Indeed many websites already do this, so I wonder if Opera's Turbo mode would make any difference in these cases?

RE: Not needed for some sites
By Taft12 on 10/24/09, Rating: -1
RE: Not needed for some sites
By johnsonx on 10/24/2009 10:58:07 PM , Rating: 2
not exactly a bad suggestion, but there's no need to be a prick about it

RE: Not needed for some sites
By Chocobollz on 10/25/2009 5:00:47 AM , Rating: 2
The kind of compression used by the Opera's Turbo Mode is a bit different than what the webdevs/servers has used, at least in its paradigm. Most webdevs tries to "optimize" their content, which is a balance between quality & filesize, while Turbo Mode most of the time will choose speed over quality. That works very good in a mobile browser environment where you don't need the images to be in 100% quality because it will only hurt speed without giving any improvements in visual quality. Most users will notice very little differences between 75% compressed JPEGs and 20% compressed JPEGs in a QCIF or CIF resolution.

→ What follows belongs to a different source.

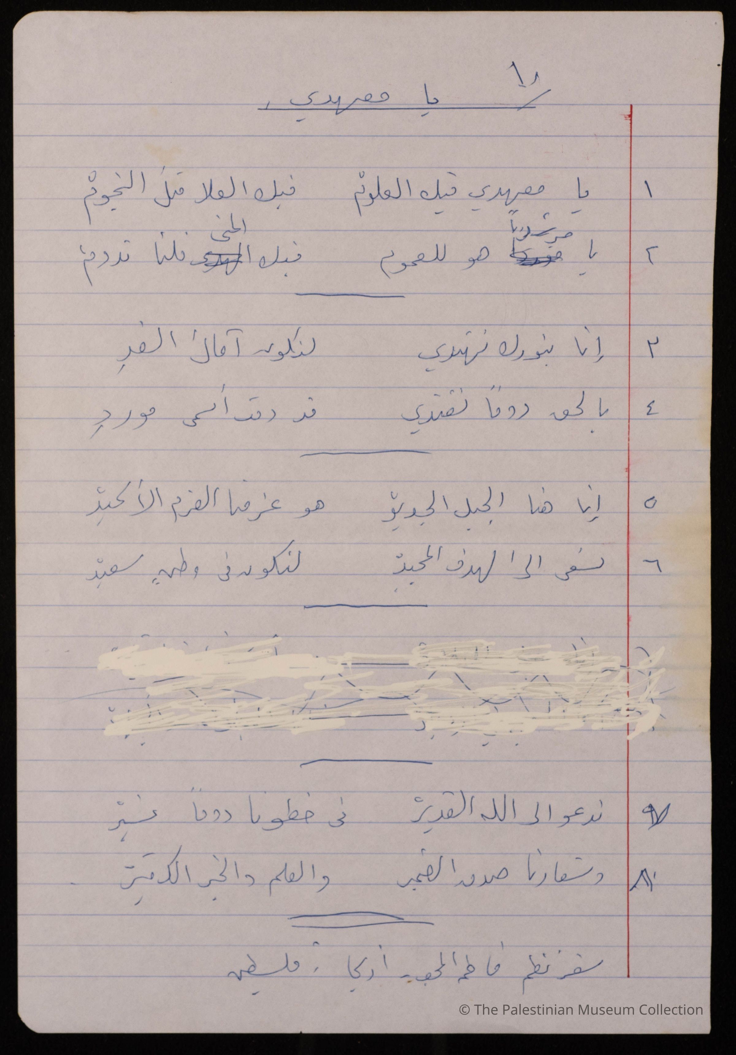 مخطوطة قصيدة باللغة العربية بعنوان" يا معهدي" للشاعرة فاطمة المحب، نظمت في اريحا- فلسطين ، ولا تحمل الوثيقة اية اشارة الى تاريخ كتابتها

In a desktop environment, I'd say it's not very good but still it can be handy when you use some GPRS/EDGE connection. It maybe sacrifices quality too much but what's the point of getting good quality contents if the page isn't loading? :p

Oh, and Opera FTW! :-)

RE: Not needed for some sites
By GaryJohnson on 10/25/2009 11:07:23 AM , Rating: 2
Indeed many websites already do this, so I wonder if Opera's Turbo mode would make any difference in these cases?

Opera's turbo does make a difference in those cases. It wouldn't even be notable if it didn't because just about every site out there uses those techniques.